Edito de Novembre 2020

Bienvenue à Monseigneur Olivier de Germay,

nouvel archevêque de Lyon !

Merci à Monseigneur Michel Dubost !

Preuve que les secrets pontificaux sont bien gardés : son nom n'a jamais « fuité » avant l'annonce, le mercredi 22 octobre, de sa nomination au siège de Saint Irénée pour succéder au cardinal Philippe Barbarin ! C'est donc celui qui était, depuis huit ans, le discret et pieux évêque d'Ajaccio que le pape François a choisi de nous donner comme pasteur pour les années à venir : Monseigneur Olivier de Germay de Cirfontaine, 60 ans. Qu'il soit le bienvenu, et que l'Esprit Saint le guide dans cette responsabilité exigeante ! Il sera officiellement intronisé archevêque de notre diocèse le dimanche 20 décembre 2020.
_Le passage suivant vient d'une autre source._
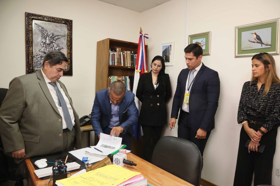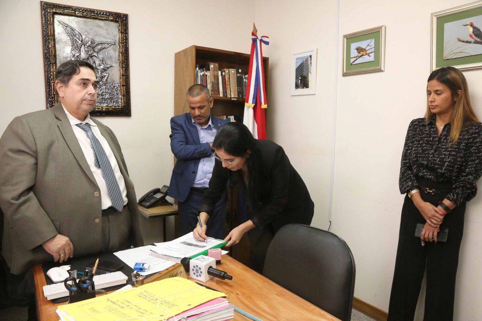 Acompañaron la entrega del documento el abogado Sergio Benítez, representante de la Senabico. Igualmente, participaron la magíster Melissa González, responsable de la Coordinación de Inscripción de Bienes Incautados y Comisados de la CSJ, y el actuario judicial del juzgado, abogado Cristian Marcelo Martin Ojeda.
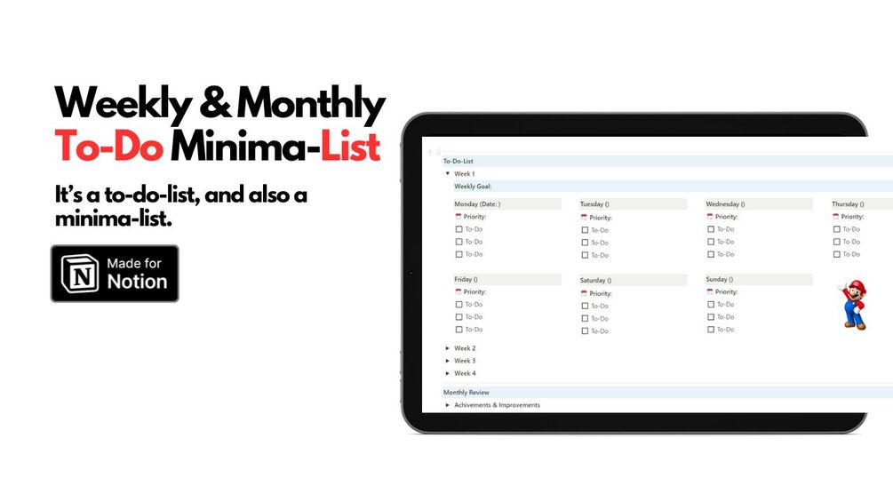 » Weekly: To-do-lists are organized on a weekly basis for you to review your weekly progress
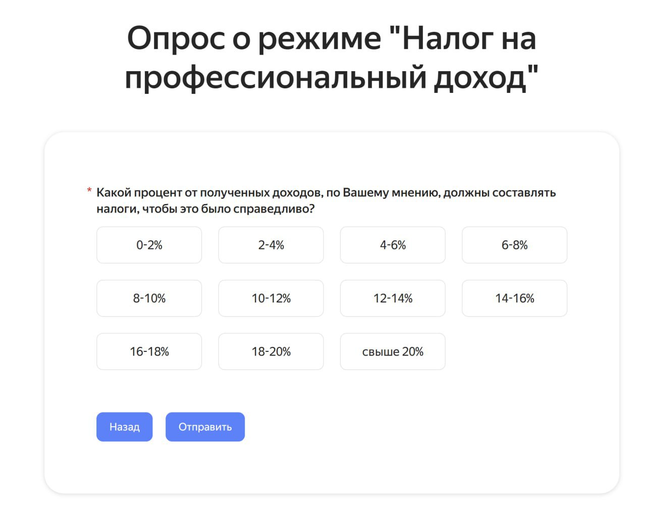 Участникам опроса также предлагают определить, какой процент от дохода они считают «справедливым» для уплаты в качестве налога. Варианты ответов охватывают диапазон от 0% до более чем 20%.
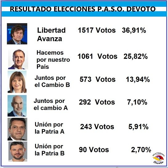 En el final de la jornada de este domingo, se conocieron los resultados finales de las Elecciones PASO 2023 de la localidad de Devoto y Las Varillas.

On ne vote pas pour que soit pourvu un siège épiscopal. La nomination d'un évêque est du seul ressort du pape et, bien entendu, des services spécialisés du Saint-Siège, puisque le pape ne peut tout maîtriser. Le fait que telle ou telle personne soit en définitive choisie, répond à plusieurs préoccupations : d'une part les besoins immédiats du diocèse en attente d'un nouveau pasteur ; d'autre part les différents équilibres à respecter, au niveau national comme sur le plan international, entre les différentes manières de vivre la foi catholique. La grande préoccupation du siège pontifical, en effet, c'est l'unité de l'Eglise, la nécessité de tout entreprendre pour que toutes les grandes tendances se sentent prises en compte et qu'il n'y ait pas de facteurs de schismes. De ce point de vue, il n'est certainement pas innocent que Monseigneur de Germay a été nommé officiellement le jour dédié à saint Jean-Paul II. Un évêque wojtylien nommé par un pape latino-américain qui présente des charismes et des sensibilités assez différents de son prédécesseur polonais ? 

Quoiqu'il en soit, un évêque catholique a vocation à... la catholicité. Il est appelé à être l'évêque, le pasteur de tous, et pas seulement celui de ceux qui lui ressemblent. Il arrive, évidemment, avec le poids de son histoire, avec ses allégeances familiales, culturelles, théologiques, politiques, etc., mais il a pour devoir d'apprendre à être à l'écoute et au service de tous, et à faire vivre la communion entre des fidèles (et des prêtres !) qui n'ont pas les mêmes analyses, les mêmes approches, la même théologie, la même spiritualité que lui. Un évêque, bien entendu, marque un diocèse par sa personnalité, mais il doit accepter aussi de se laisser façonner par le diocèse qui lui est confié et dont l'histoire l'a précédé depuis des siècles. Comme le dit le pape François à tous les prêtres (parmi lesquels les évêques) : « Soyez des pasteurs qui portent l'odeur des brebis ! ».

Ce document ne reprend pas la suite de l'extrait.